We can inspect the page to check that it’s well structured.


With great power comes great responsibility.

  • always check the robots.txt

  • do not do things that the owner says not to do

  • government websites are typically safe

We’ll save the URL for easy use

cs_people_url = 'https://web.uri.edu/cs/people/'

Then we can use the requests library to make a call to the internet. It actually gets back a response object which has a lot of extra information. For today we only need the content from the page which is an attrtibute of that object:

cs_people_html = requests.get(cs_people_url).content

This is raw:

b'\n<!DOCTYPE html>\n<html lang="en-US">\n\t\n<head>\n<meta charset="UTF-8"><script type="text/javascript">(window.NREUM||(NREUM={})).init={privacy:{cookies_enabled:true},ajax:{deny_list:["bam.nr-data.net"]},'

But we do not need to manually write search tools, that’s what BeautifulSoup is for.

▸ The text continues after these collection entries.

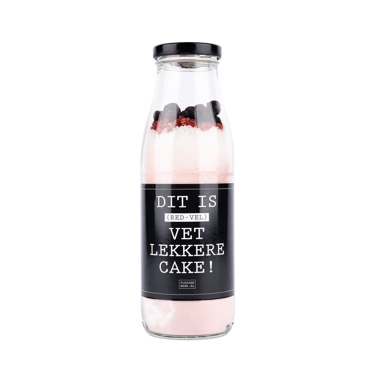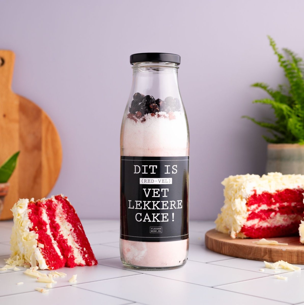 Kadootjes die eruit zien om op te eten – letterlijk! In dit leuke flesje van Flessenwerk met zwart etiket en de tekst ‘Dit is Red-velvet lekkere cake!’ zit een heerlijk kant-en-klaar bakrecept voor een red velvet cake. Leuk om te geven of zelf te bakken.
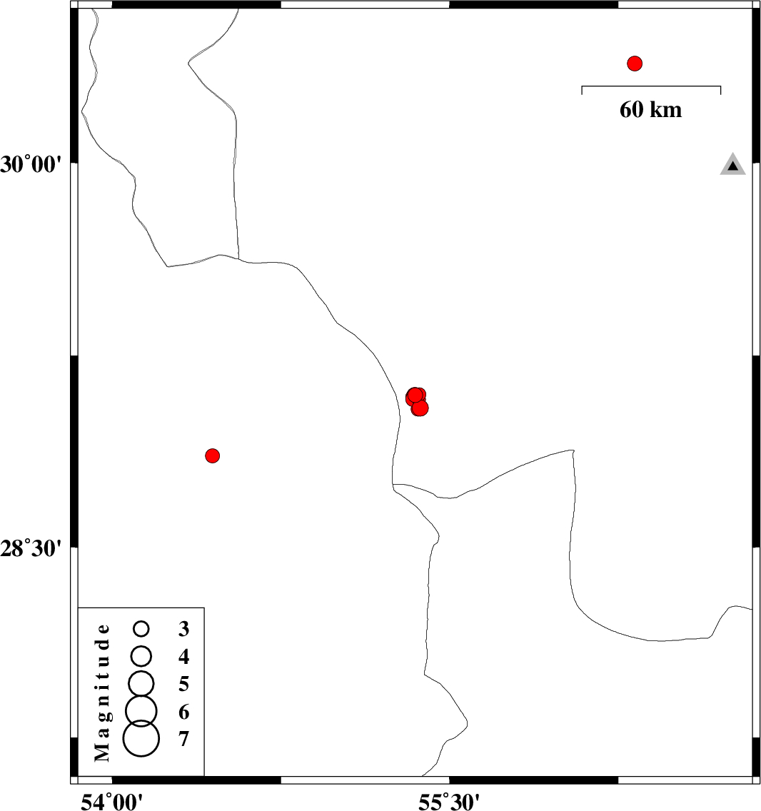 2017/07/13 11:07:08.5 15:37:08.5 29.08955.33414 ML:2.7 Kerman Province, 52 km South-West of Sirjan
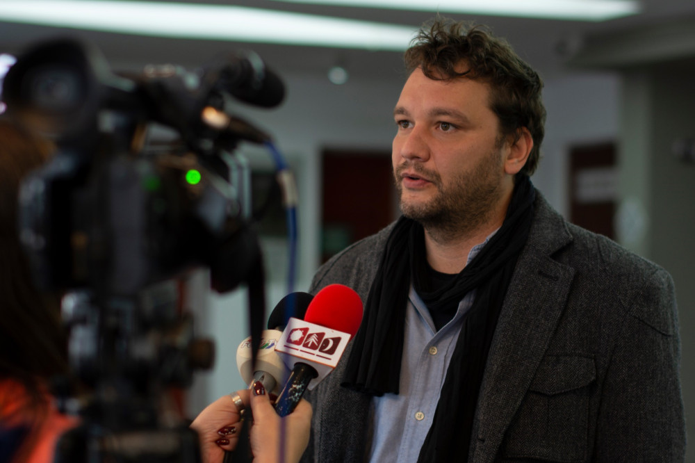 Albu István interjút ad a Gyergyó TV-nek. Fotó: Facebook / Albu István
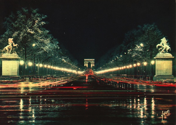 L'Avenue des Champs-Elysées et l'Arc de Triomphe vus de nuit
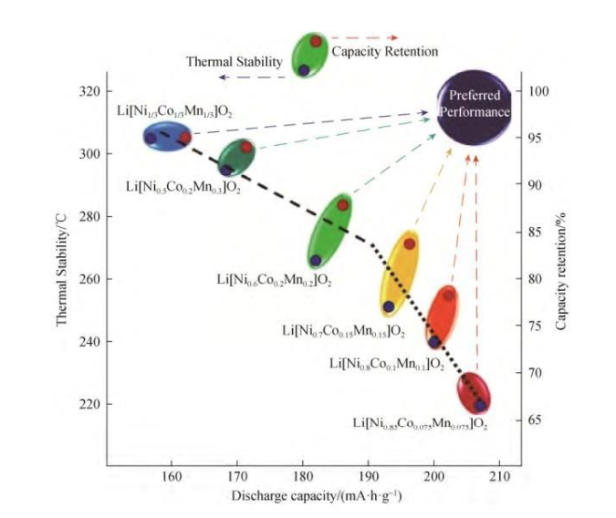 三元材料鎳鈷錳(NCM),具有高比容量、長(zhǎng)循環(huán)壽命、低毒和廉價(jià)的特點(diǎn)。此外,三種元素之間具有良好的協(xié)同效應(yīng),因此受到了廣泛的應(yīng)用。
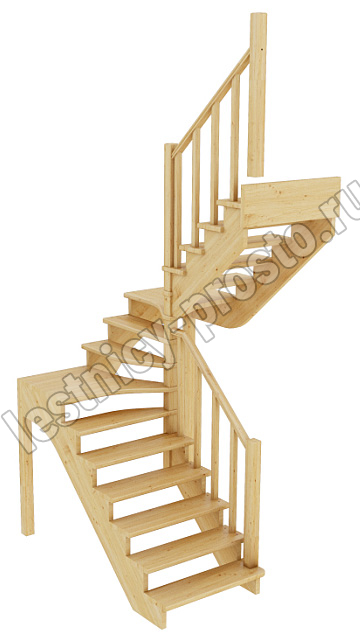Ограждение лестницы с одной стороны. Базовый комплект включает в себя деревянные элементы лестницы и ограждения без какого-либо покрытия.
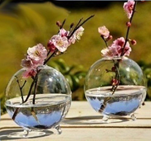 Hommy 2個入り お買い得 透明 ガラス製 3マイクロ足 花瓶 水耕栽培容器 テラリウム容器 ボール型 卓上置く ホーム 装飾
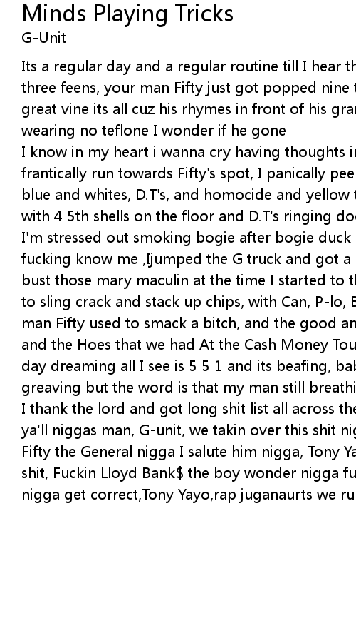 I know in my heart i wanna cry having thoughts in my mind that man goin die as I frantically run towards Fifty's spot, I panically peep like fifty cops , it was blue and whites, D.T's, and homocide and yellow tape blocked off on both sides with 4 5th shells on the floor and D.T's ringing doorbells going door to door yo I'm stressed out smoking bogie after bogie duck in the sarce cuz the sarce fucking know me ,Ijumped the G truck and got a mac to spit and we did about to bust those mary maculin at the time I started to think back in shit how we used to sling crack and stack up chips, with Can, P-lo, Big Ju and The Kid, and my man Fifty used to smack a bitch, and the good and the bad on the one three four and the Hoes that we had At the Cash Money Tour now I'm at the hospital, stop day dreaming all I see is 5 5 1 and its beafing, baby mom screaming whole family greaving but the word is that my man still breathing, I dropped to my knees and I thank the lord and got long shit list all across the board motha fucker, fuck ya'll niggas man, G-unit, we takin over this shit nigga, |
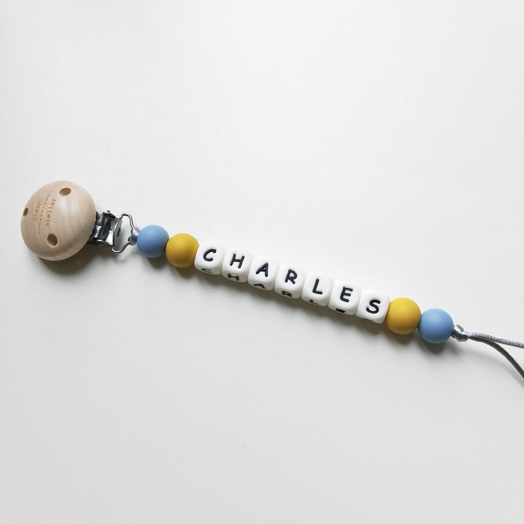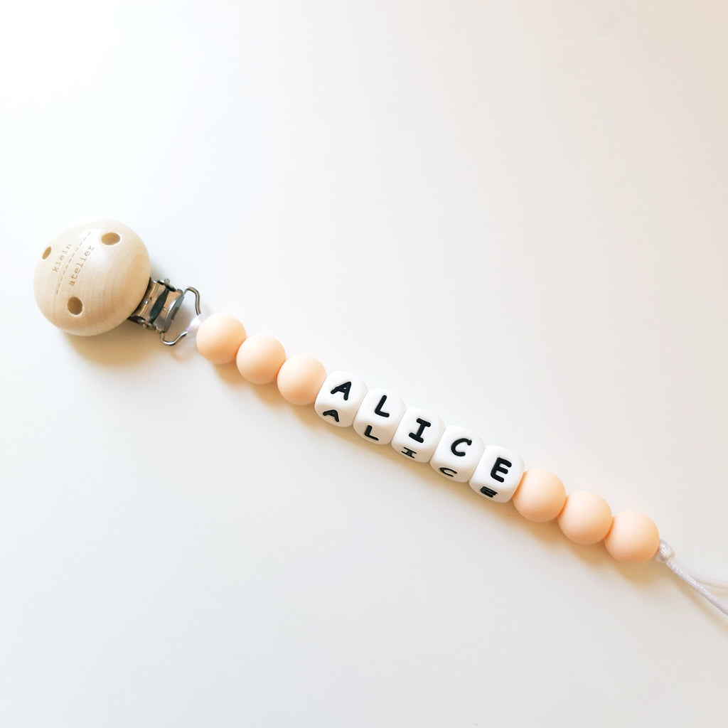 Deze fopspeenketting is speciaal ontworpen om te kunnen personaliseren. Je kan namen opgeven tot maximaal 10 karakters.
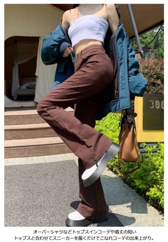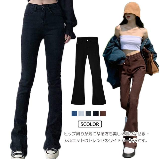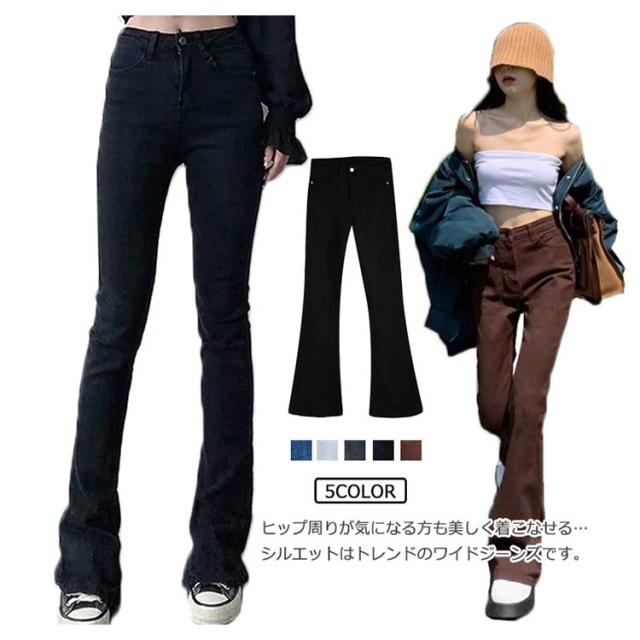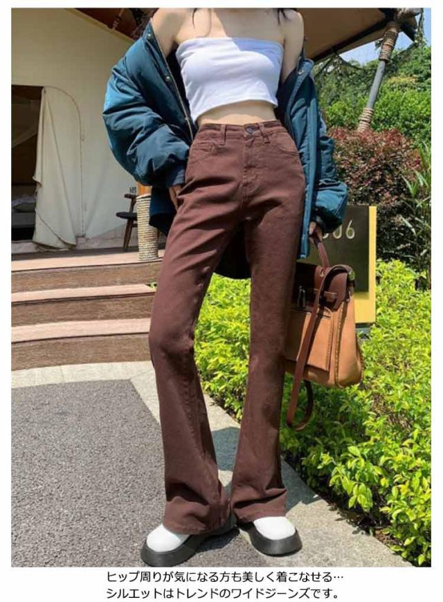 デニムパンツ レディース ワイドパンツ デニム カーゴパンツ ジーンズ ロングパンツ ブーツカットパンツ ズボン ボトムス ハイウェスト ポケット付き ゆったり レトロ 20代 30代 40代
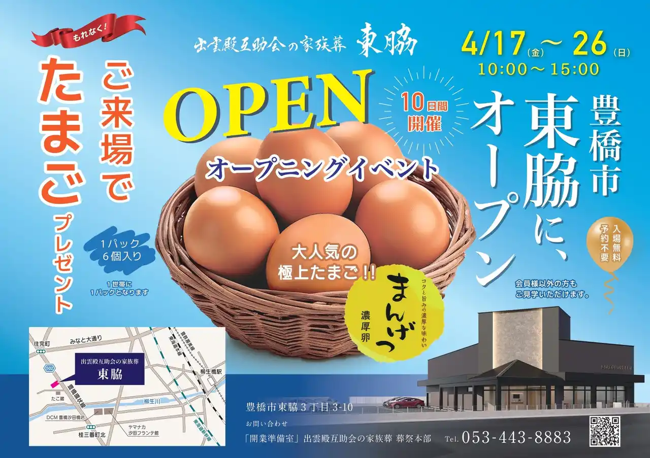 | 株式会社出雲殿互助会(所在地:浜松市中央区連尺町、代表取締役:岸本裕一郎)は、2026年4月17日、新たな家族葬ホール「出雲殿互助会の家族葬 東脇」をオープンいたします。 | |||||||||
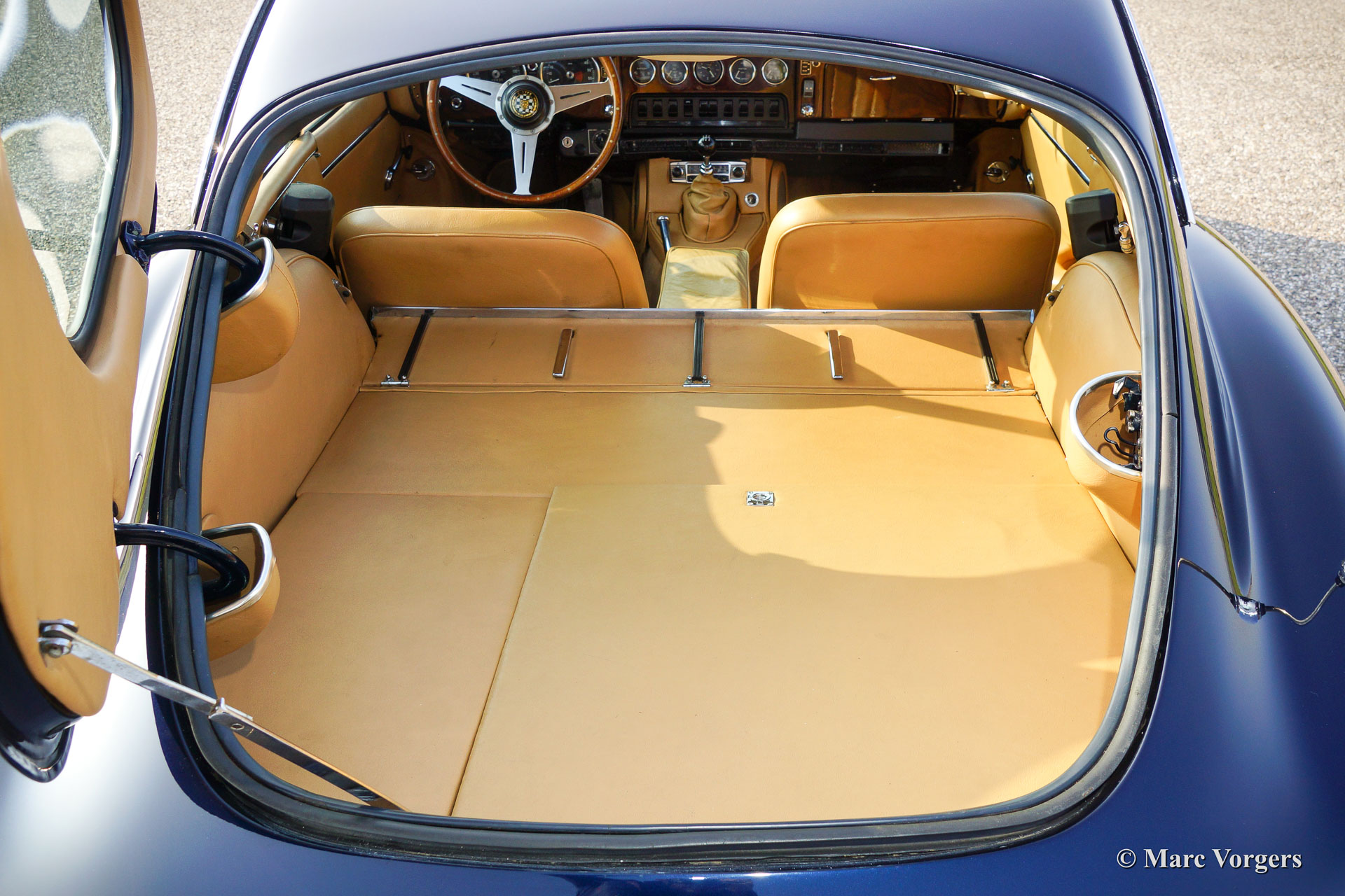 Jaguar E-type 4.2 Liter FHC Serie 2, Jahr 1969. Farbe "Midnight Blue" metallic. Innenraum mit Beige Lederausstattung. Dieses fantastische Jaguar E-type ist in sehr gutem Zustand und das Auto fährt perfekt! Dieser Jaguar E-Typ wurde im Jahr 1997 aus den USA importiert. Anschließend wurde das Auto weitgehend ‚body-off‘ restauriert. Die Arbeiten waren komplett im Jahr 2000. Eine umfangreiche Fotoreportage von der Wiederherstellung ist vorhanden. Diese feine Jaguar E-type wird gewartet in der Werkstatte von Lex Classics seit dem Jahr 2007. Alle Servicerechnungen liegen vor. Im Jahr 2013 wurde der Jaguar mit ein Tremec 5-Gang-Getriebe ausgestattet. Das Auto ist mit folgenden Optionen ausgestattet: Chrom Speichen Räder Chrom "knock-off" Radmuttern, ein Elektro Kenlow Lüfter, Radio und Antenne, ein Holz umrandeten Sportlenkrad, ein ‚high torque‘ Anlasser, Wechselstromgenerator, Edelstahl Auspuff, elektronische Zündung, Klimaanlage und das oben erwähnte Tremec 5-Gang-Getriebe.
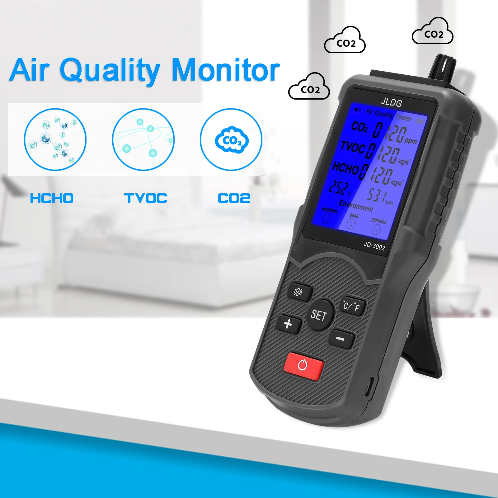 Это своего рода высококачественный детектор качества воздуха, который принимает Профессиональный электрохимический зондирующий модуль, высокую точность, стабильную производительность, способность к подавлению помех, низкое потребление и может обеспечить длительный срок службы. Точное определение CO2. Большой дисплей, вы можете видеть количество электроэнергии, значение CO2, значение TVOC, значение HCHO, температуру и влажность четко. Вы можете попробовать.Особенности:Принимает цифровой датчик температуры и влажности, высокая точность, стабильная производительность, способность к подавлению помех, низкое потребление и может обеспечить длительный срок службы.Большой ЖК-дисплей, вы можете видеть количество электроэнергии, значение CO2, значение TVOC, значение HCHO, температуру и влажность четко.Переключение ℃ и ℉, и звуковой сигнал может быть включен или выключен в соответствии с вашими требованиями.Оснащен функцией оценки качества окружающей среды, он будет отображать соответствующий уровень в соответствии с измерительной стоимостью.Встроенный литиевый аккумулятор емкостью 1800 мАч, легко заряжать его с помощью usb-кабеля.Когда аккумулятор слишком низок, рамка аккумулятора мигает, чтобы напомнить вам о его перезарядке.Характеристики:Наименование: измеритель качества воздухаМатериал: пластикДисплей: ЖК-дисплейБатарея: 1 * Встроенная литиевая батарея Батарея, 3,7 V, 1800mAh(В комплекте)Диапазон измерения CO2: 350ppm-2000ppmTVOC измерение-диапазон: 0,000 мг/м³-2,000 мг/м³HCHO измерение-диапазон: 0,000 мг/м³-1,000 мг/м³Измерение температуры-Диапазон: 0 ℃-90,0 ℃(32 ℉-194 ℉), ± 1 ℃/± 1 ℉Размер изделия: 176*73*29 мм/6,93*2,87*1,14 дюймовВес изделия: 222 г/7,83 унцияРазмер посылка: 234*180*47 мм/9,21*7,09*1,85 дюймаПосылка Вес: 461 г/1.02lbУпаковочный лист:1 * измеритель качества воздуха1 * USB кабель

cs_people = BeautifulSoup(cs_people_html,'html.parser')

9.3.1. Looking at tags#

In this object we can use any tag from the file and get back the first instance

<a class="skip-link screen-reader-text" href="#content">Skip to content</a>

We also see <h3> in the code so we can get the first one like this:

<h3 class="p-name"><a href="https://web.uri.edu/cs/meet/gavino-puggioni/">Gavino Puggioni</a></h3>

this cheatsheet shows lots of html tags, but for this purpose you do not really need it. You’ll be inspecting the page and then looking for what you want

9.3.2. Searching the source#

More helpful is the find_all method we wnat to find all div tags that are “peopleitem” class. We decided this by inspecting the code on the website.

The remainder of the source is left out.